A specific marker for the early detection of paediatric sepsis would be highly desirable. Reviewed data support a role of sTREM-1 as a diagnostic tool in this setting, but cannot be considered conclusive. Some evidences suggest that the determination of sTREM-1 in combination with other biomarkers could achieve a better performance than each biomarker alone. Indeed, it would be very important to standardize measuring techniques in order to achieve more robust and comparable results. Recent diagnostic developments, such as multiplex bead array assays, offer promising opportunities [27].
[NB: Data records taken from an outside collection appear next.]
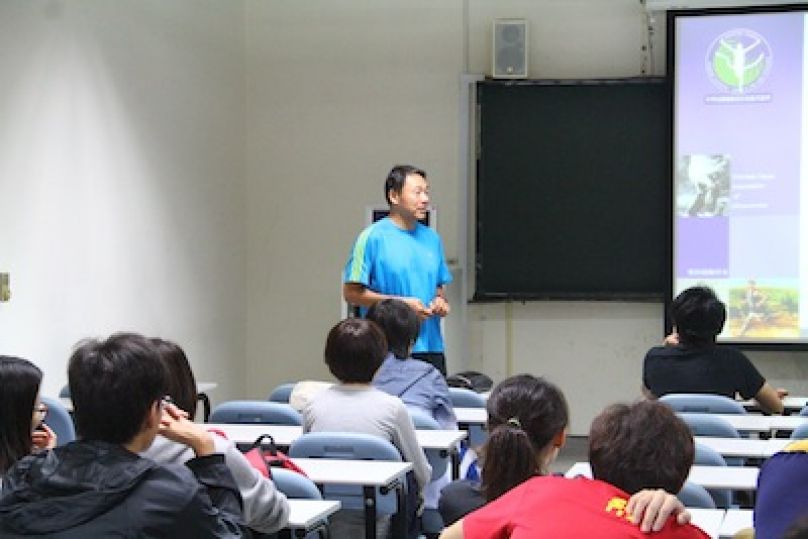 11月21日15:30~17:30第九堂課,今天天氣微陰,下起綿密的小雨,所以郭老師便讓同學們在教室裡上課,跟大家講馬拉松以及超級馬拉松的起源和小故事,希望大家在跑步之餘也能夠了解這項運動。
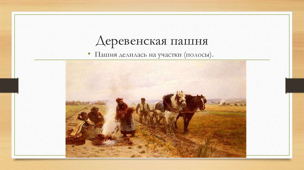 Деревенская пашня• Пашня делилась на участки (полосы).
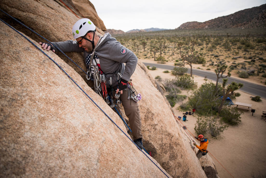 About three years ago, he met a visually impaired rock climber. “She got me into adaptive climbing. I fell in love with it,” Sturges says.
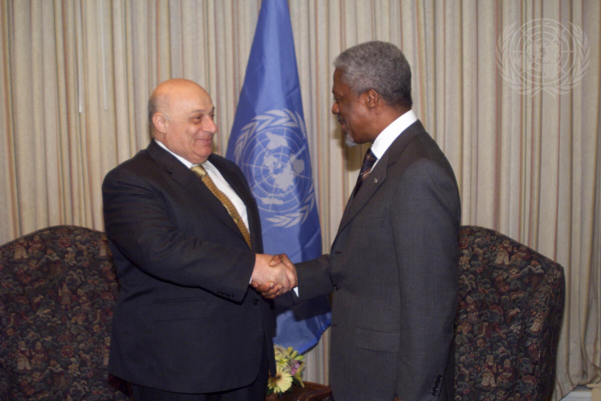 Secretary-General Kofi Annan with Raouf Denktash, leader of the Turkish Cypriot community, at the Conrad Hotel in Istanbul.
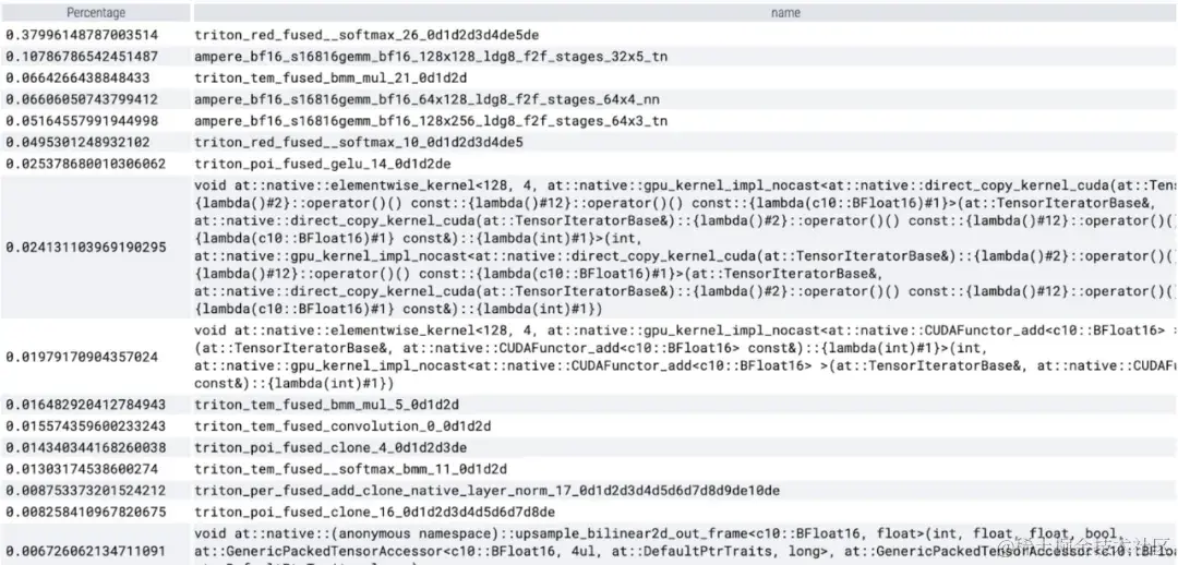 该研究表示,本文利用的 SAM 基线数据类型为 float32 dtype、batch 大小为 1,使用 PyTorch Profiler 查看内核跟踪的结果如下:

We believe that large, prospective studies exploring the role of sTREM-1would be necessary to overcome heterogeneity and inconsistent results.

We recommend to:

Harmonize methodology (using agreed case definitions of suspected and confirmed sepsis, Early and Late Onset Sepsis);

Investigate combination of sTREM-1 with other biomarkers, such as CRP, PCT, TNF-alpha or IL-6, and a scoring system bridging clinical and laboratory findings.

At present, sTREM-1 should be considered an interesting exploratory biomarker for paediatric sepsis.